Senior SRE/DevOps Engineer - Remote Trading Infrastructure | AWS & Kubernetes

Remotely
Full-time
Part-time

We are seeking an experienced Site Reliability Engineer (SRE)/DevOps specialist to join our advanced trading platform team. In this pivotal role, you will architect, implement, and maintain robust cloud infrastructure that powers mission-critical trading operations. Your expertise in AWS, Kubernetes, and modern DevOps practices will ensure our systems maintain exceptional reliability, performance, and security standards essential for financial trading environments.


Key Responsibilities

- Monitor and troubleshoot production trading systems, identifying performance bottlenecks, service interaction issues, and creating actionable tickets for development teams.

- Conduct thorough incident resolution with comprehensive root cause analysis and detailed reporting, collaborating across teams to solve complex infrastructure challenges.

- Design and implement sophisticated monitoring solutions utilizing Zabbix, Grafana, Dynatrace, and ELK stack to provide real-time visibility into system health.

- Establish and maintain robust build, release, and configuration management processes that ensure consistency and reliability across environments.

- Deploy, automate, and manage AWS cloud-based production systems with emphasis on high availability, performance optimization, scalability, and enterprise-grade security.

- Implement and orchestrate Kubernetes clusters (v1.28+) for containerized applications with focus on resilience and horizontal scalability.

- Develop and refine CI/CD pipelines using Jenkins 2.x and GitLab CI to streamline deployment workflows and reduce time-to-production.

- Configure and manage Infrastructure as Code using Terraform and Terragrunt for consistent, version-controlled infrastructure deployments.

- Administer development, QA, and production environments throughout the entire software development lifecycle.


Required Skills

- Strong knowledge of Linux/Unix systems (Ubuntu 22.04, CentOS 8, or equivalent) with demonstrated troubleshooting expertise.

- Minimum 3+ years of hands-on experience with containerization technologies including Docker and Kubernetes orchestration.

- Demonstrated proficiency with Infrastructure as Code tools, particularly Terraform, Ansible, Chef, or Puppet.

- Comprehensive understanding of web server architecture and configuration, especially Nginx and reverse proxy implementations.

- In-depth knowledge of HTTP protocol stack and RESTful service architectures.

- Practical experience implementing and maintaining CI/CD pipelines using Jenkins and/or GitLab CI.

- Advanced proficiency with Git version control systems and GitOps workflows.

- Working knowledge of SQL and experience with PostgreSQL (v14+) or MySQL (v8+).
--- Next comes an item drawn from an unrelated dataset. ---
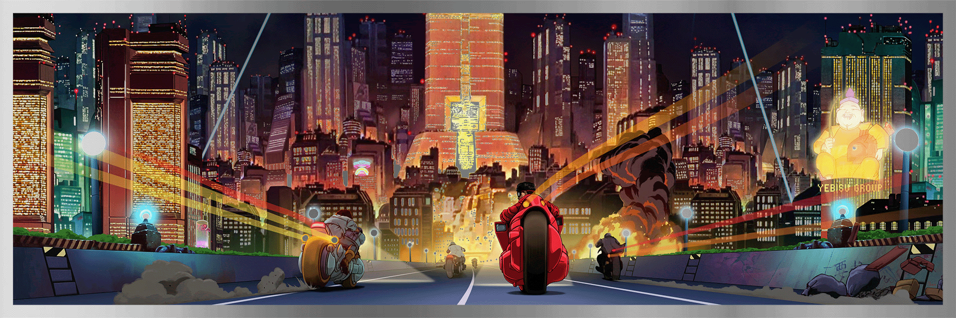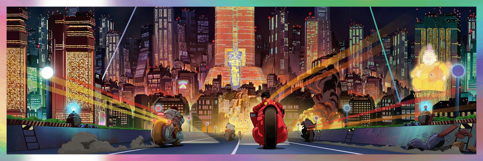 Bottleneck Gallery dips into the neon lit streets of Neo-Tokyo and drops Akira inspired by Pablo Olivera. This one in particular focuses on the biker gang from the film, Kaneda’s The Capsules as they zoom through Neo-Tokyo. Olivera has a knack for creating these dynamic horizontally, focused pieces that look fantastic and with this one in particular, Oliveira does a fantastic job, capturing the aesthetic of the anime. As is the case with past releases, these will drop in a couple different additions, including a regular and variant giclée editions. There were some additional foil giclée prints but these seem to have sold out during the presale. Details on what is on sale today is below and you can pick them up at 12PM ET on the BNG website.

- Fundamental understanding of networking concepts including TCP/IP, DNS, load balancing, and security principles.


Nice to Have

- Experience with event streaming platforms, particularly Apache Kafka 3.x.

- Knowledge of service mesh technologies such as Istio or Linkerd.

- Familiarity with HashiCorp tools (Consul, Vault) for service discovery and secrets management.

- Background in high-frequency trading platforms or financial systems.

- AWS Certified DevOps Engineer or Kubernetes CKA/CKAD certifications.

- Scripting proficiency in Python, Go, or Bash for automation tasks.

- Experience implementing SRE practices including SLIs, SLOs, and error budgets.


Tech Stack

- Operating Systems: Linux distributions (Ubuntu 22.04, CentOS 8)

- Cloud: AWS (EC2, EKS, S3, CloudWatch, Lambda)

- Containerization: Docker, Kubernetes (v1.28+)

- Monitoring: ELK Stack 8.x, Zabbix 6.x, Grafana 10.x, Dynatrace

- Version Control: Git, GitHub/GitLab

- CI/CD: Jenkins 2.x, GitLab CI

- Infrastructure as Code: Terraform, Terragrunt

- Configuration Management: Ansible, Puppet, Chef

- Databases: PostgreSQL 15.x

- Messaging: Apache Kafka 3.x

- Service Discovery & Secrets: Consul, Vault


Why Join Us

Join our forward-thinking team and work on sophisticated technology that powers complex trading operations. We offer a flexible remote work environment with optional relocation to Montenegro. You'll tackle challenging infrastructure problems using modern technologies while contributing to mission-critical systems that demand the highest levels of reliability and performance. Our collaborative engineering culture emphasizes continuous improvement, knowledge sharing, and professional development in the rapidly evolving DevOps landscape. This position presents an exceptional opportunity to enhance your expertise in cloud-native technologies while making significant contributions to a high-impact trading platform.